Quetes weiß außerdem insbesondere in den Ensembleszenen, Manons Geltungssucht in den Mittelpunkt des Geschehens zu setzen. Die Intimität der Duette zwischen Manon und Des Grieux unterstreicht er, indem er die Sänger zu ausdrucksstarkem Spiel unabgelenkt von jedwedem überflüssigen Putz anhält.
Das Bühnenbild, entworfen von Manfred Kaderk, ist sehr reduziert, wenige Wandelemente erlauben mit wenigen Änderungen sämtliche Schauplätze darzustellen. Die Kostüme von Tina Toeberg sind keiner spezifischen Epoche zuzuordnen, sie sind irgendwo zwischen Biedermeier und früher Moderne anzusiedeln. Beide Aspekte sind jedoch nicht von Nachteil – weder für die Interpretation noch für die Produktion an sich, zeigen sie doch, daß auch mit wenig Mitteln Sinnvolles geschaffen werden kann. Das Publikum zeigte sich hier allerdings geteilter Meinung.
Ausführende
Es muß nicht immer Anna N. sein. Julia Neumann in der Rolle der Manon beweist sich als unkapriziöser Star des Abends. In der mittleren Lage fügt sie Ton für Ton zu einer langen Perlenkette aneinander, ihre Intonation ist auch in den aberwitzigsten Koloraturen atemberaubend perfekt. Einzig der Klang ihrer Stimme in den höchsten Passagen mag für manchen Zuhörer ein Hauch zu metallisch sein, doch sollte dies das durchweg positive Bild der Künstlerin nicht trüben. Bei einer dermaßen starken Hauptdarstellerin ist es immer schwierig, sich an ihrer Seite behaupten zu können, auch wenn diese alles andere will als sich in den Vordergrund singen. Und so verblaßt Juhan Tralla (Des Grieux) neben ihr, er kann kaum gegen die strahlende Stimmgewalt Julia Neumanns sowie gegen das Orchester ansingen, wobei ihm zugute gehalten werden sollte, daß seine Interpretationsansätze durchaus ausbauenswert sind, seine Stimme diese Ideen aber leider nicht tragen kann. Doch ist die Rezensentin hier offenbar anderer Meinung als das Gros der Premierengäste. Jaroslaw Sielicki (Lescaut) ist im Spiel überzeugend, kommt im Gesang dem allerdings nicht durchweg nach. Dies mag zu großem Teil daran liegen, daß seine Rolle nicht für Glanzpartien ausgelegt ist, und es zudem schwer ist, an der Seite einer so formidablen Manon zu brillieren. In einer anderen Rolle hätte er es sicher leichter, sein Können unter Beweis zu stellen.
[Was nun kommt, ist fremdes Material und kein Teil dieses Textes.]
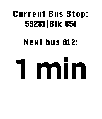 Visually-impaired friendly watchapp that tells the arrival times of buses at the bus stop you're at using vibrations. Usage: Selecting the bus: Up / Down - Select the current digit of the bus number. The number of vibrations that follows is the currently displayed number. Select - Move on to the next digit, starting from 0. If there are already 3 digits, this confirms the bus number. (Long press) Select - Confirm the bus number. Selecting bus stop, before selecting bus number: (Long press) Up / Down - Go up or down the list of 10 nearest bus stops, displayed at the top of the screen. The closest bus stop is selected by default. (Long press) Select - Refresh bus timing.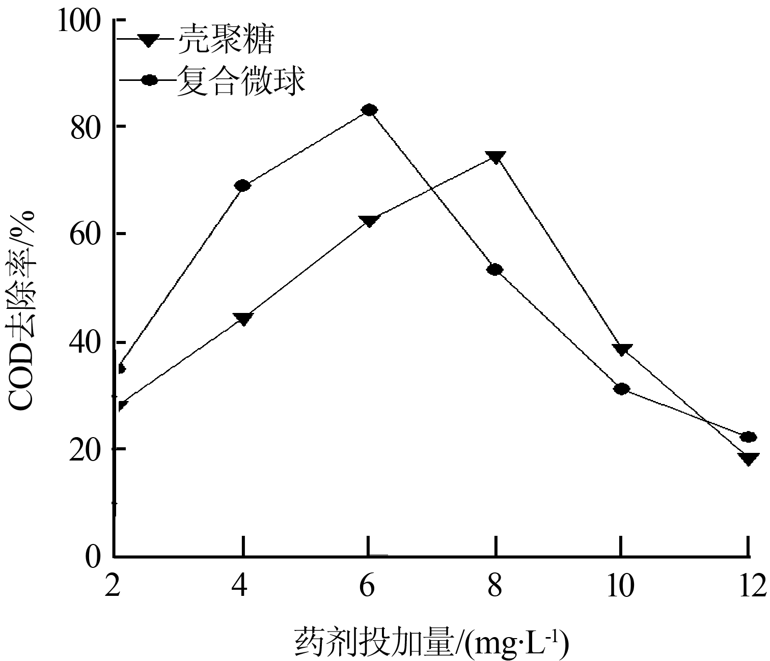 取50 mL造紙廢水于200 mL燒杯中,投加一定量的復(fù)合微球,攪拌反應(yīng)3 min。沉降,取上清液,采用標(biāo)準(zhǔn)K2Cr2O7法測定化學(xué)需氧量。同時,以殼聚糖作為絮凝劑進行平行實驗。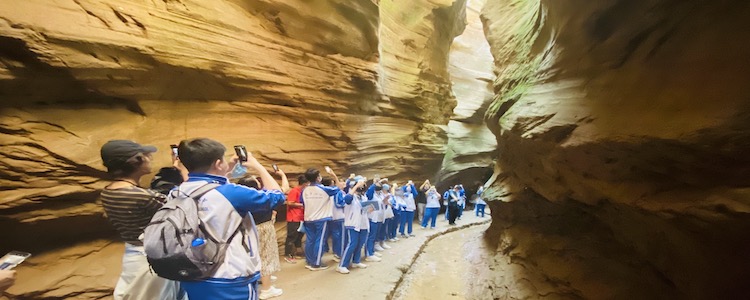 此外,在本次综合实践文化考察课程中,同学们还参观了有“活丹霞”之称的雨岔大峡谷,面对自然美景,同学们纷纷举起相机,记录下最美的回忆,更有许多同学积极向地质老师请教学习。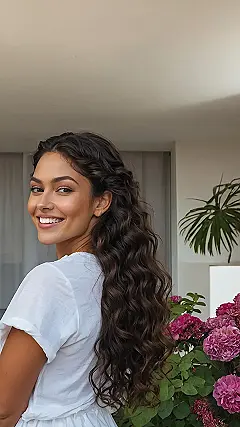 This girl’s got long, luscious curls that could make a mermaid jealous! It looks like she’s having a blast, rocking those big, bouncy waves with a smile that could melt an iceberg. Maybe she’s just enjoying the feeling of her hair, or maybe she’s about to go out and rock the night! Whatever the reason, it’s clear that she’s confident and comfortable with her awesome hair, and that’s what really makes her shine.
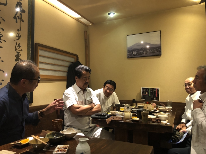 おつかれさんの懇親会は、鹿児島中央駅横の黒豚の専門店「八幡」です。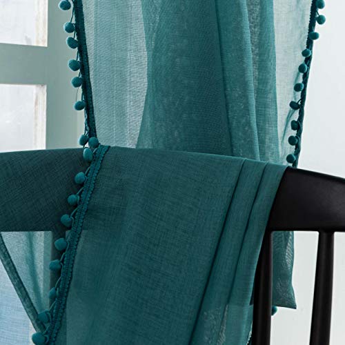 MISS SELECTEX Linen Look Pom Pom Tasseled Sheer Curtains – Rod Pocket Voile Semi-Sheer Curtains for Living and Bedroom, Set of 2 Curtain Panels (52 x 84 inch, Teal)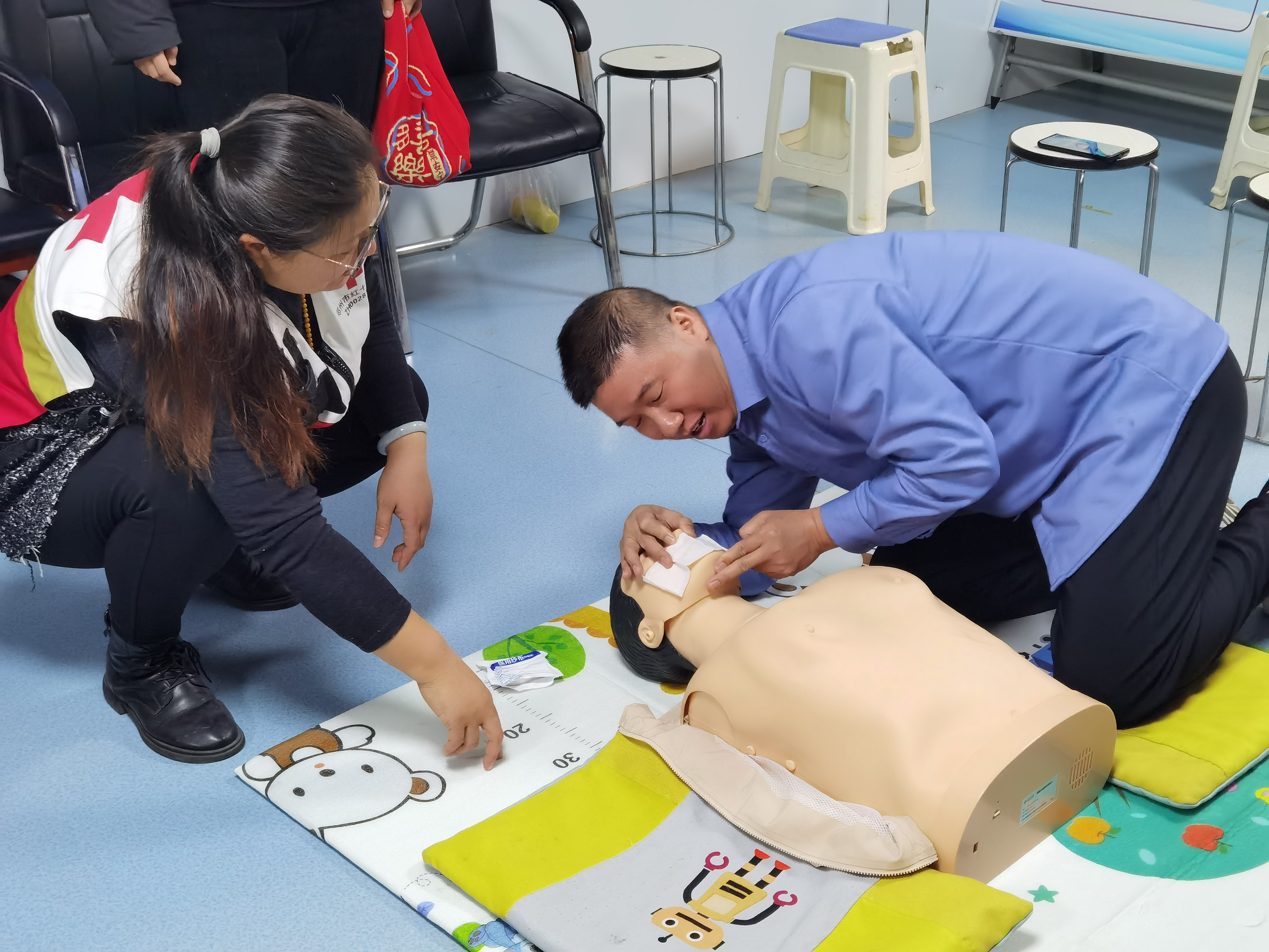现场演示环节,培训师亲自示范心肺复苏和海姆立克急救法的标准动作,工作人员认真观察,积极提问。在实际操作阶段,大家分组练习,培训师逐一指导,确保每个人都能掌握关键操作要点。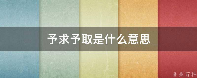 予求予取原指从我这里求(财物),后指任意索取。出自《左传-僖公七年》:唯我知女(汝),女专利而不厌,予取予求,不女疵瑕也。予求予取的近义词是随心所欲。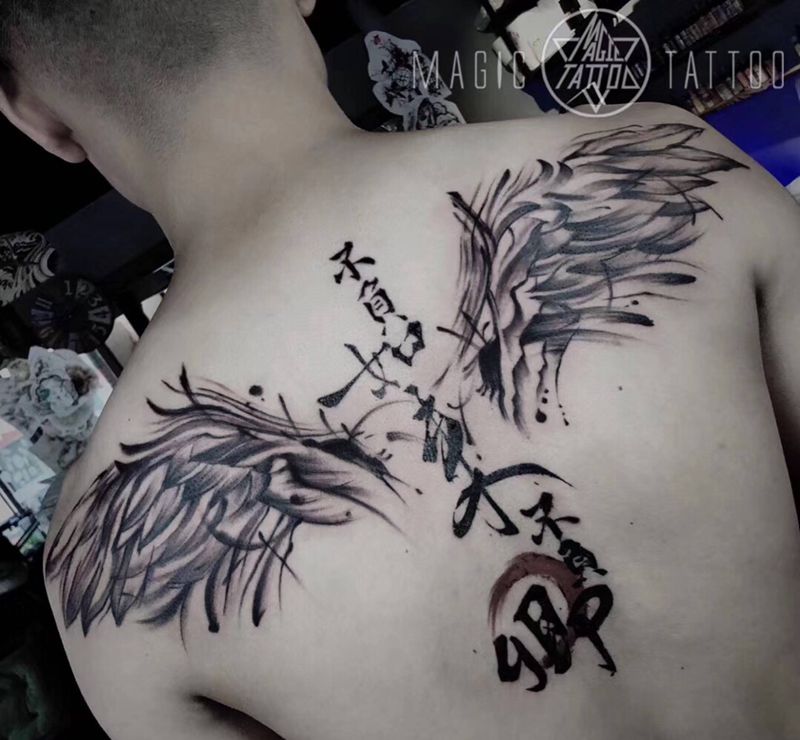 当前位置: 首页 >安徽省蚌埠市纹身店-魔法刺青MagicTattoo纹身图案>不负如来不负卿纹身图片_背部水墨翅膀纹身图案

Besonders Gefallen findet das Publikum neben den Hauptdarstellern an Andrey Valiguras in der Rolle von Comte Des Grieux. Die Rezensentin kann sich dieser Meinung nicht anschließen, zu große Intonationsprobleme aufgrund eines übertriebenen Vibratos sowie gepreßter Spitzentöne stehen dazu im Weg. Gleiches gilt für Andrea Shin (Guillot de Morfontaine) und Donald Rutherford (De Brétigny), die sowohl stimmlich als auch spielerisch im Bühnengeschehen untergehen.
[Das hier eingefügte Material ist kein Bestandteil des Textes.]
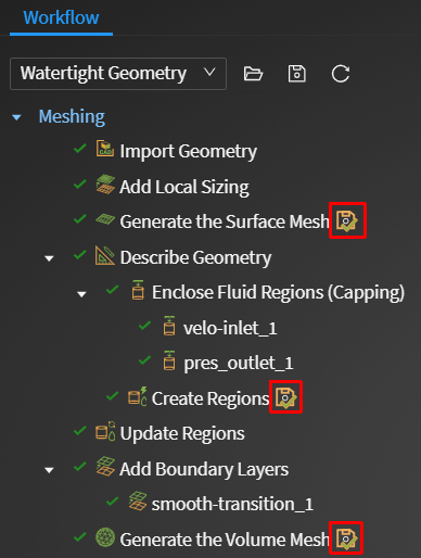 Similar to the desktop version of Fluent Meshing, several tasks contain an additional button that can appear alongside the task name in the workflow. This will allow you to toggle on or off the ability to save task editing files so the task can be more quickly restored to a previous state.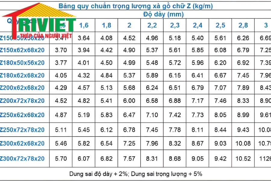 Dưới đây là thông số chi tiết về trọng lượng của các dòng xà gồ phổ biến hiện nay: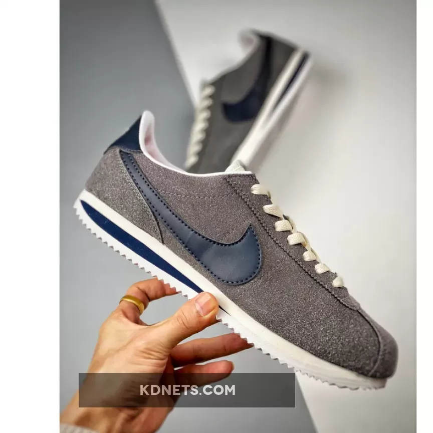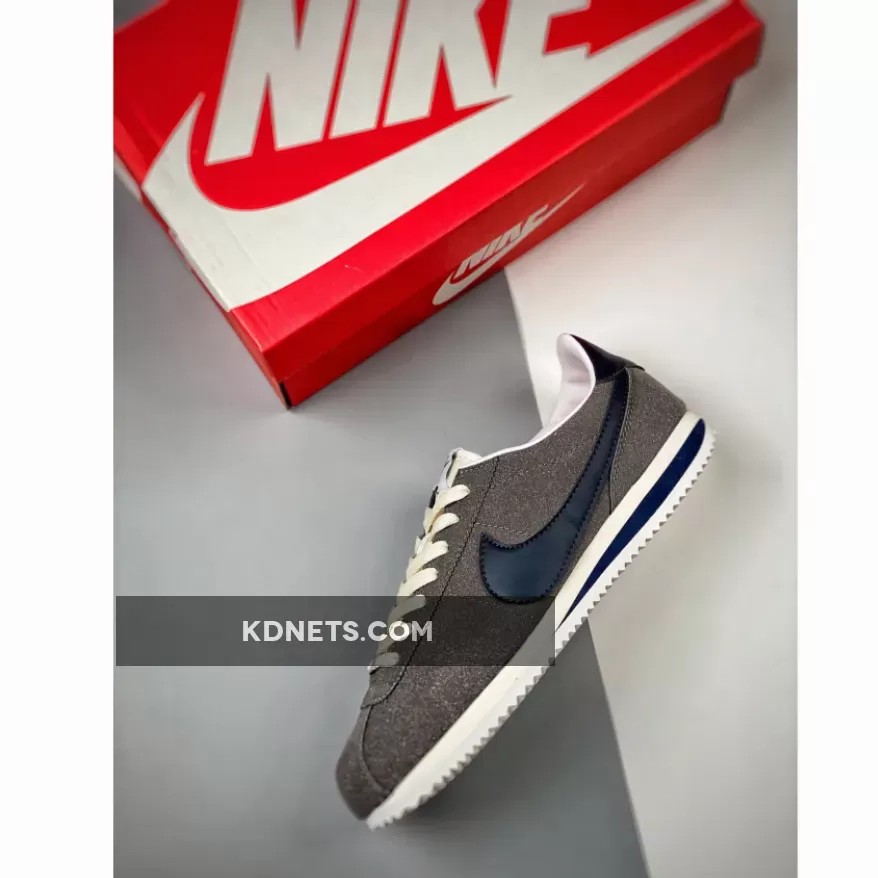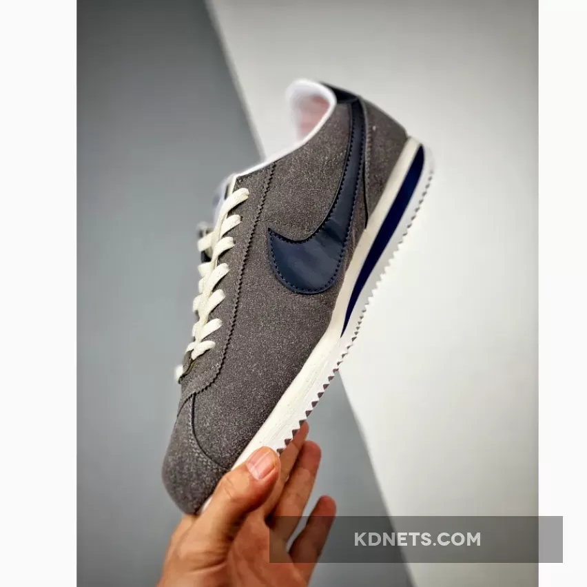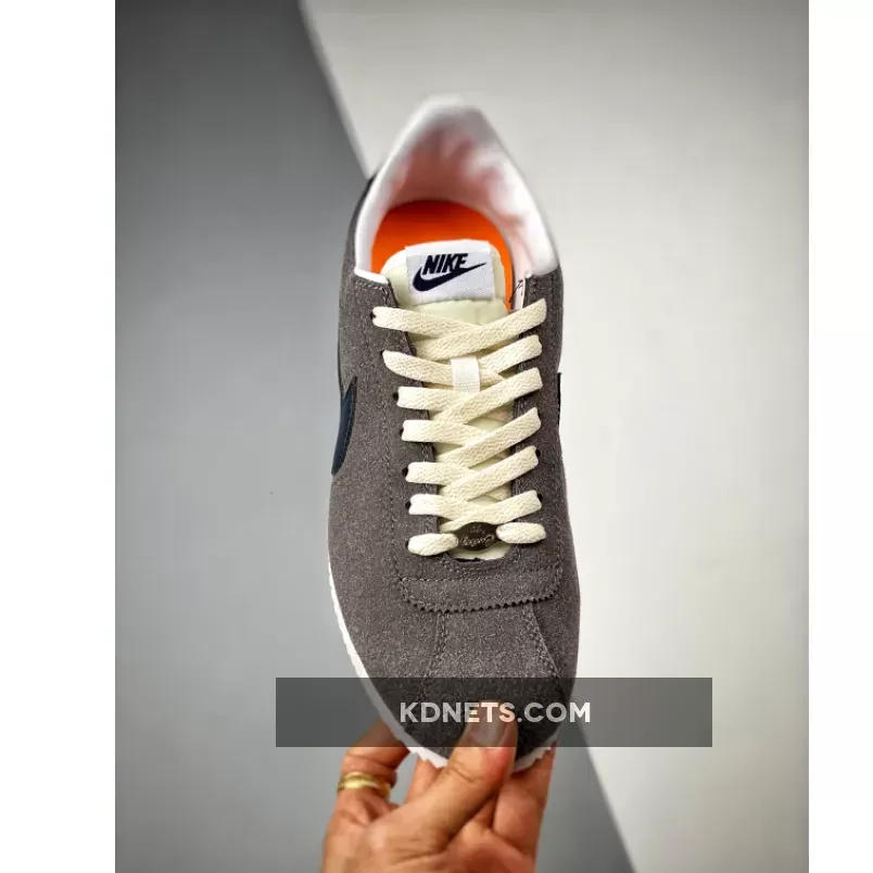 Nike’s OG running shoe, the Cortez, has a new variant honouring Georgetown University’s college basketball team, the Hoyas. Presenting the Nike Cortez Georgetown. This Cortez is clad in an all-grey suede upper from heel to toe. The Sail-coloured laces and nylon tongue contrast with this dark background. Another Hoya team colour joins the mix in the form of the navy blue smooth leather signature profile Swooshes on both the medial and lateral mid-panels. The insoles are bright orange with white Nike branding. The branding on the white tongue labels also follow suit.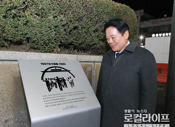 이어 “표지석은 단순한 기념물이 아니다. 민주주의를 만들어 온 시민들을 기억하고 그 정신을 미래 세대에게 전하는 이정표이다”라며 “‘본립도생(本立道生)’ 기본이 바로 설 때 나아갈 길이 보인다는 말처럼 민주주의가 굳건할 때 우리는 더 나은 내일로 나아갈 수 있다”고 강조했다.

Der Chor und Extrachor der Städtischen Bühnen überzeugen durch einen überaus homogenen Klang, was ja nicht immer der Fall ist, wenn der Hauschor durch einen Extra(laien)chor ergänzt wird. Hier ist ein Beispiel, daß dies durchaus gelingen kann.
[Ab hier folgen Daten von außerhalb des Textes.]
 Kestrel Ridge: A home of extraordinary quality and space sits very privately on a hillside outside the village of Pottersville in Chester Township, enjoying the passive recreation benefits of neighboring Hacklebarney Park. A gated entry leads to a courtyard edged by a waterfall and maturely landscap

Das Sinfonieorchester Münster erweist sich unter der energischen Führung des jungen estnischen Dirigenten Hendrik Vestmann als agiler und dynamischer Klangkörper, sieht man über einige kleine Patzer hinweg. Vestmanns Interpretation ist sehr selbstbewußt, dabei aber höchst musikalisch und streckenweise hart an der Grenze zum Kitsch.
Fazit
Frankophile Theatergänger sollten von vornherein davon absehen auch nur zu versuchen, den Text zu verstehen. Man zweifelt häufig daran, ob auf der Bühne wirklich Französisch oder nicht doch Italienisch, Russisch oder gar eine fernöstliche Sprache gesungen wird. Will man aber einen Opernabend – fern allen Medienrummels – mit hervorragenden und gleichzeitig schönen Sopranistinnen genießen, so ist man hier gut aufgehoben. Ein starkes Ensemble kann man hier hingegen nicht erleben. Liebhabern großer romantischer Musik wiederum sei diese Inszenierung empfohlen, denn ein solch spielwütiges junges Orchester bekommt man an manch großem Haus nicht geboten.
Christine Lauter
Bild: Michael Hörnschemeyer
Das Bild zeigt Manon (Julia Neumann) wie sie Des Grieux (Juhan Tralla) auf Knien bittet, nicht in den Priesterstand einzutreten und statt dessen mit ihr zu fliehen.